### SOURCE DATA
^^^^^^^^
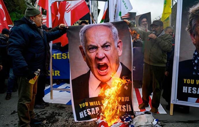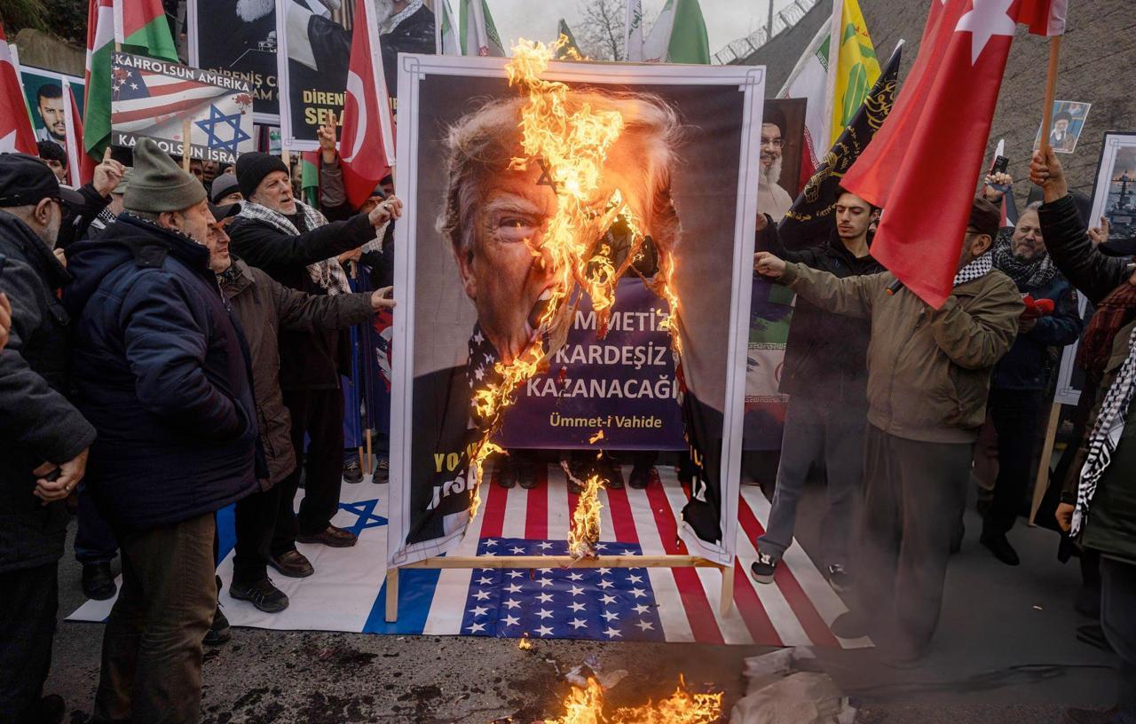 عکس | آتش زدن عکس ترامپ و نتانیاهو در استانبول
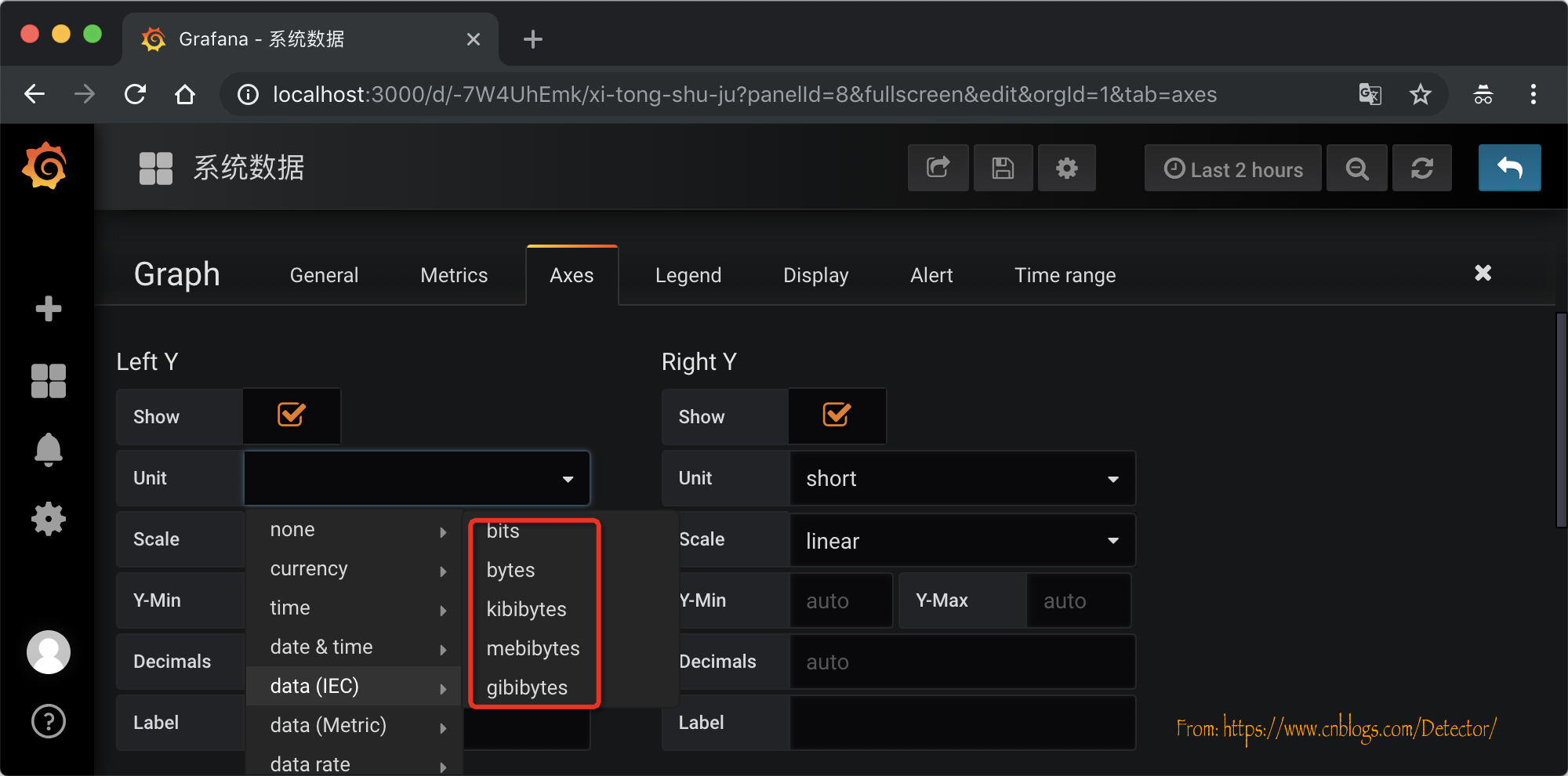在配置界面Axes选项卡中配置相关的显示单位。可以根据实际的情况选择监控的单位。,因为我们监控的内存,所以选择的是相关的单位。
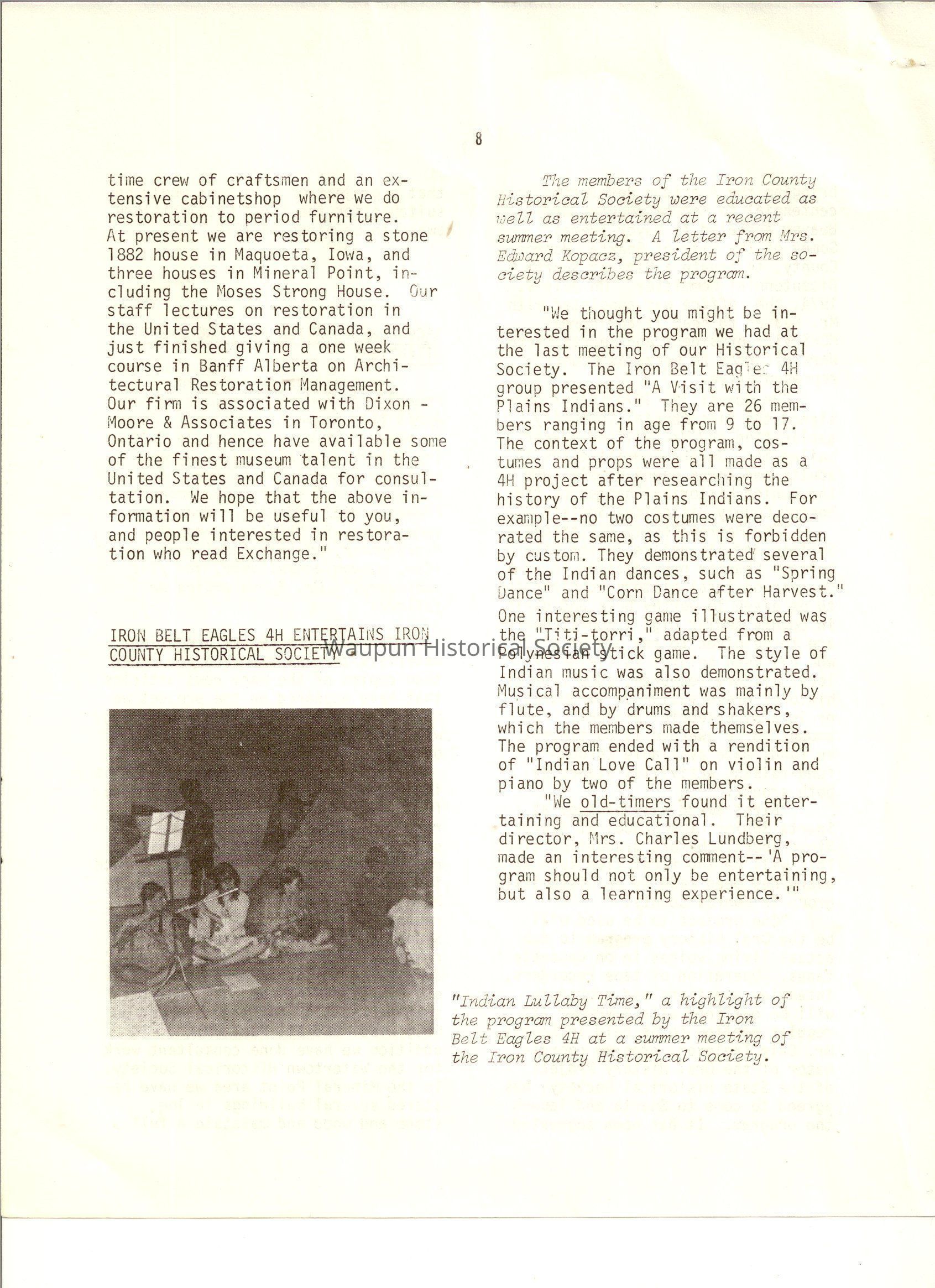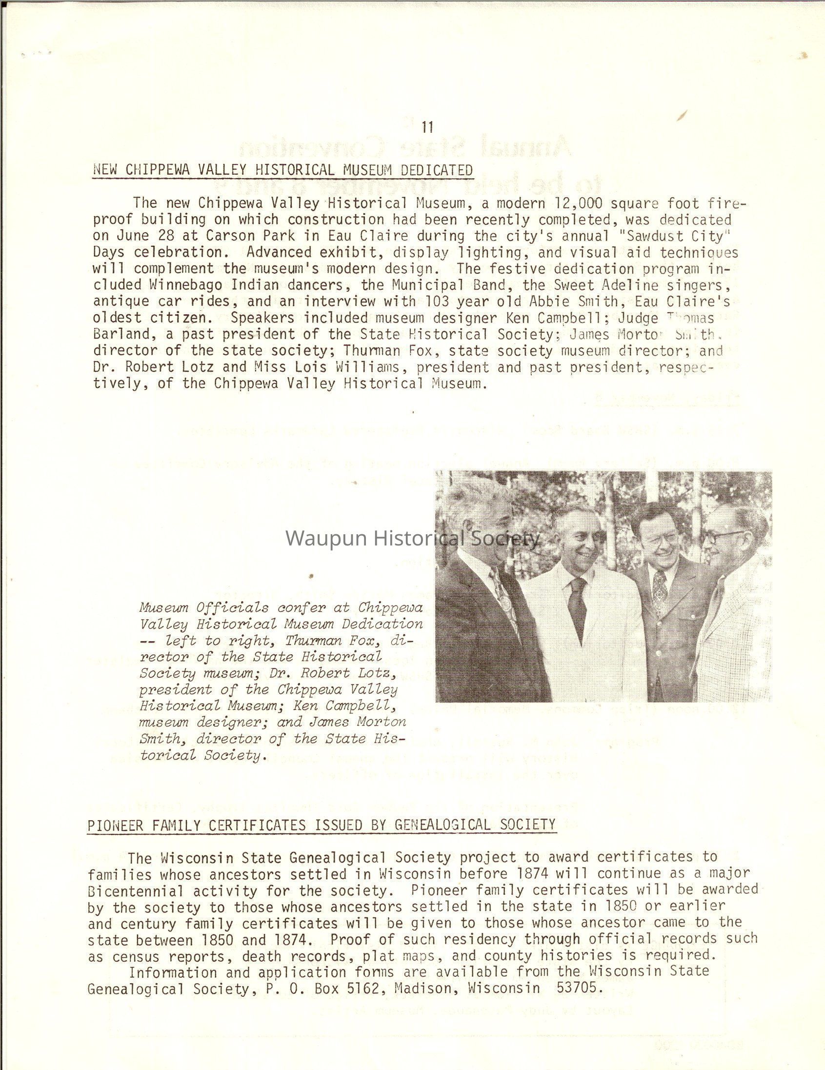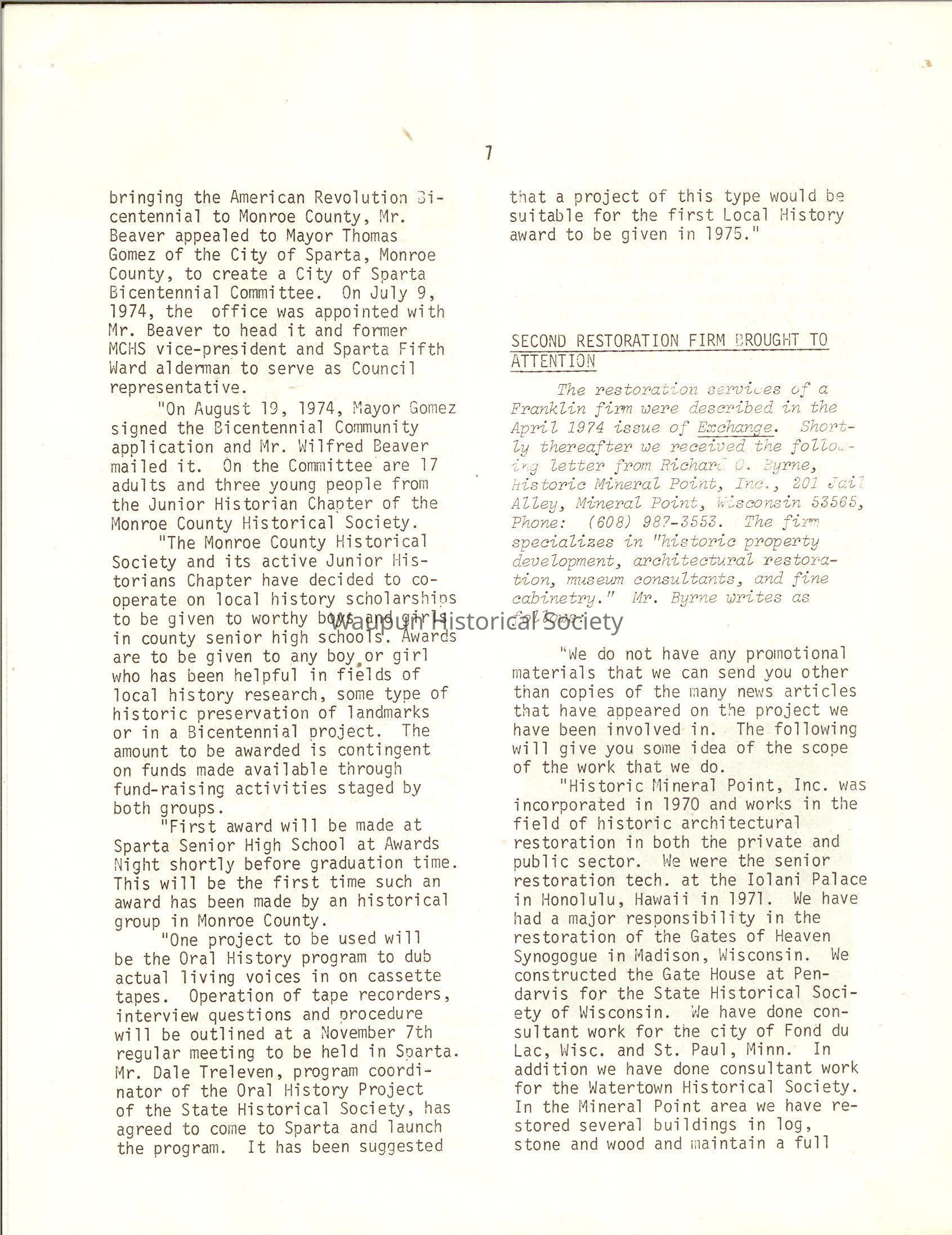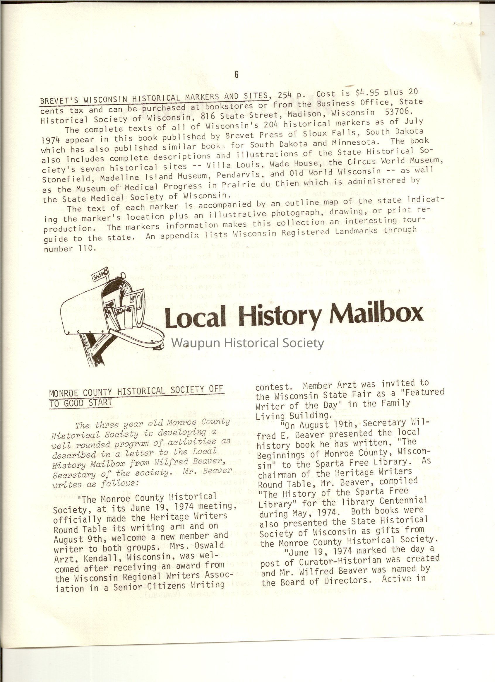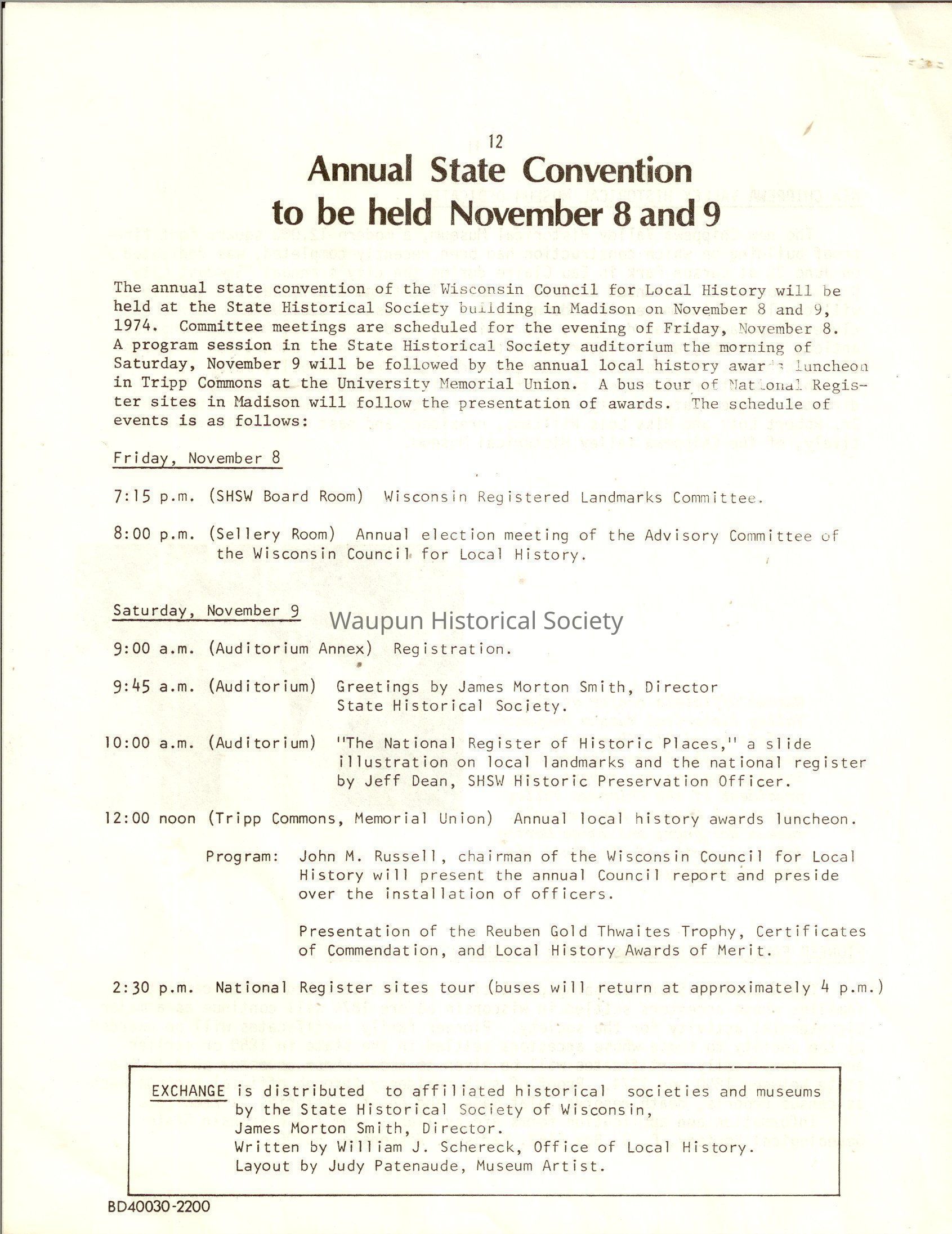 Waupun Historical Society, EXCHANGE, 1974Entry/Object ID
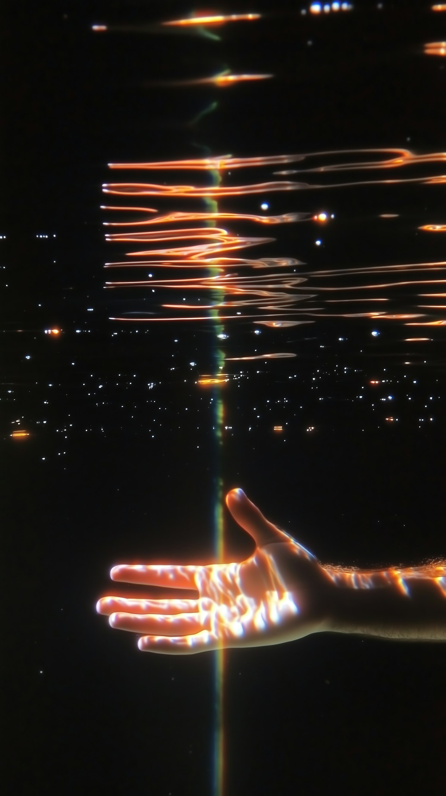 A surreal underwater hand illuminated by refracted light, with rippling water and cosmic-like reflections in a dark, dreamlike setting.
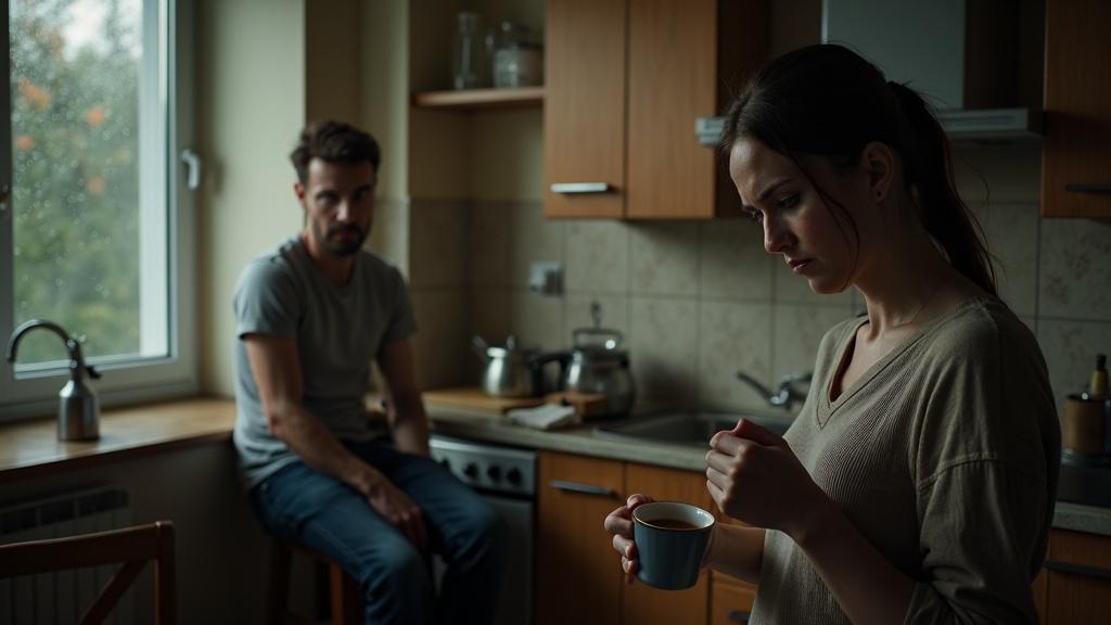 Артём вздохнул и сел на стул, будто ноги перестали его держать. За окном шёл мелкий дождь, и капли тихо стучали по стеклу, создавая фон для их напряжённого разговора.
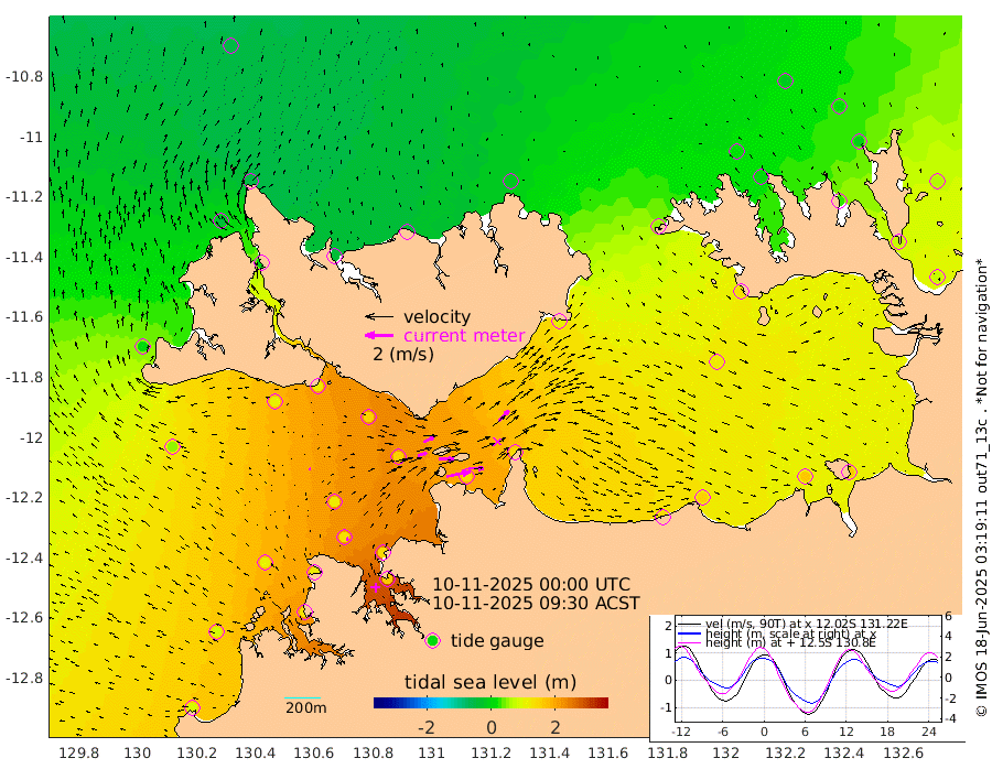 170cm/s 78T +4cm/s rms + 6cm/s 51T. Darwin_C1 52m 111cm/s 92T +4cm/s rms + 7cm/s -161T. Darwin_CW1 22m 66cm/s 72T +4cm/s rms + 8cm/s 61T. Darwin_CW2 34m 105cm/s 43T +3cm/s rms + 9cm/s 98T. Darwin_CW3 22m 109cm/s 90T +5cm/s rms + 7cm/s 88T. Darwin_C3 56m 82cm/s 65T +2cm/s rms + 9cm/s -126T. Darwin_CTbW 22m 10cm/s -60T +1cm/s rms + 1cm/s -47T. DARBGF 30m 19cm/s -33T +4cm/s rms + 3cm/s 80T. NRSDAR 19m -55cm Goodrich Bank 87cm Point Jenny 84cm Native Point 106cm Fish Reef 115cm Tapa Bay 2cm Point Fawcett (Offshore) 132cm Burge Point 103cm Munkunuwa 55cm Beagle A 154cm Parsons Bank 120cm Fenton Patches 152cm Hancox Shoal Area 139cm Nightcliff 169cm Darwin 135cm Charles Point Patches 144cm Glyde Point 138cm Chambers Bay 155cm Point Stuart 138cm Cape Hotham 123cm Christine Reef 167cm West Alligator Head 164cm East Field Island 126cm Two Hills Bay 112cm Camp Point 113cm Medina Inlet South -2cm South Barlow Point -36cm St. Asaph Bay -52cm Cape Van Dieman -41cm Snake Bay -44cm Cache Point -16cm Point Jahleel (Off) 50cm Cape Don 12cm Port Essington 10cm Smith Point - West 16cm NW Peacock Island -17cm North Of Jones Shoal -1cm Peacock Island 68cm Point David 25cm D'urville Point 75cm Copeland Island 58cm One Tree Point
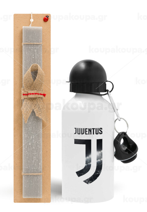 FC Juventus, Easter Set, metallic aluminum water bottle (500ml) & aromatic flat Easter candle (30cm) (GRAY)
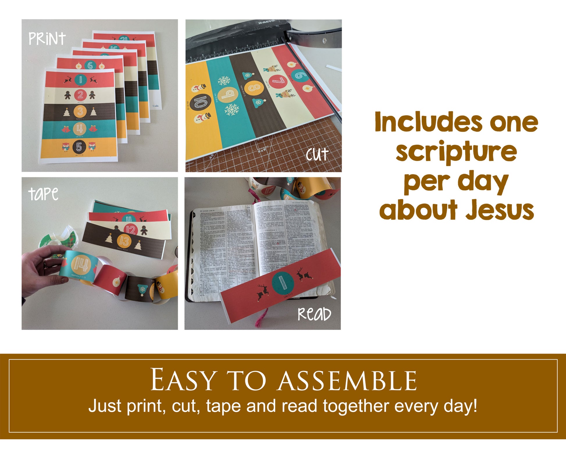 Center your Christmas around Jesus Christ with this LDS Christmas paper chain countdown with scriptures for every day. Your purchase includes five 8.5x11 PDF high-quality pages that you can print on your home computer or email to your local copy store. Just print, cut, tape and display in your home.
^^^^^^^^
### WHAT THE TASK REQUIRES
Would you retype the entries above in full, exactly as written, minus the pictures?

### REPLY TO THE TASK
 عکس | آتش زدن عکس ترامپ و نتانیاهو در استانبول
在配置界面Axes选项卡中配置相关的显示单位。可以根据实际的情况选择监控的单位。,因为我们监控的内存,所以选择的是相关的单位。
 Waupun Historical Society, EXCHANGE, 1974Entry/Object ID
 A surreal underwater hand illuminated by refracted light, with rippling water and cosmic-like reflections in a dark, dreamlike setting.
 Артём вздохнул и сел на стул, будто ноги перестали его держать. За окном шёл мелкий дождь, и капли тихо стучали по стеклу, создавая фон для их напряжённого разговора.
 170cm/s 78T +4cm/s rms + 6cm/s 51T. Darwin_C1 52m 111cm/s 92T +4cm/s rms + 7cm/s -161T. Darwin_CW1 22m 66cm/s 72T +4cm/s rms + 8cm/s 61T. Darwin_CW2 34m 105cm/s 43T +3cm/s rms + 9cm/s 98T. Darwin_CW3 22m 109cm/s 90T +5cm/s rms + 7cm/s 88T. Darwin_C3 56m 82cm/s 65T +2cm/s rms + 9cm/s -126T. Darwin_CTbW 22m 10cm/s -60T +1cm/s rms + 1cm/s -47T. DARBGF 30m 19cm/s -33T +4cm/s rms + 3cm/s 80T. NRSDAR 19m -55cm Goodrich Bank 87cm Point Jenny 84cm Native Point 106cm Fish Reef 115cm Tapa Bay 2cm Point Fawcett (Offshore) 132cm Burge Point 103cm Munkunuwa 55cm Beagle A 154cm Parsons Bank 120cm Fenton Patches 152cm Hancox Shoal Area 139cm Nightcliff 169cm Darwin 135cm Charles Point Patches 144cm Glyde Point 138cm Chambers Bay 155cm Point Stuart 138cm Cape Hotham 123cm Christine Reef 167cm West Alligator Head 164cm East Field Island 126cm Two Hills Bay 112cm Camp Point 113cm Medina Inlet South -2cm South Barlow Point -36cm St. Asaph Bay -52cm Cape Van Dieman -41cm Snake Bay -44cm Cache Point -16cm Point Jahleel (Off) 50cm Cape Don 12cm Port Essington 10cm Smith Point - West 16cm NW Peacock Island -17cm North Of Jones Shoal -1cm Peacock Island 68cm Point David 25cm D'urville Point 75cm Copeland Island 58cm One Tree Point
 FC Juventus, Easter Set, metallic aluminum water bottle (500ml) & aromatic flat Easter candle (30cm) (GRAY)
 Center your Christmas around Jesus Christ with this LDS Christmas paper chain countdown with scriptures for every day. Your purchase includes five 8.5x11 PDF high-quality pages that you can print on your home computer or email to your local copy store. Just print, cut, tape and display in your home.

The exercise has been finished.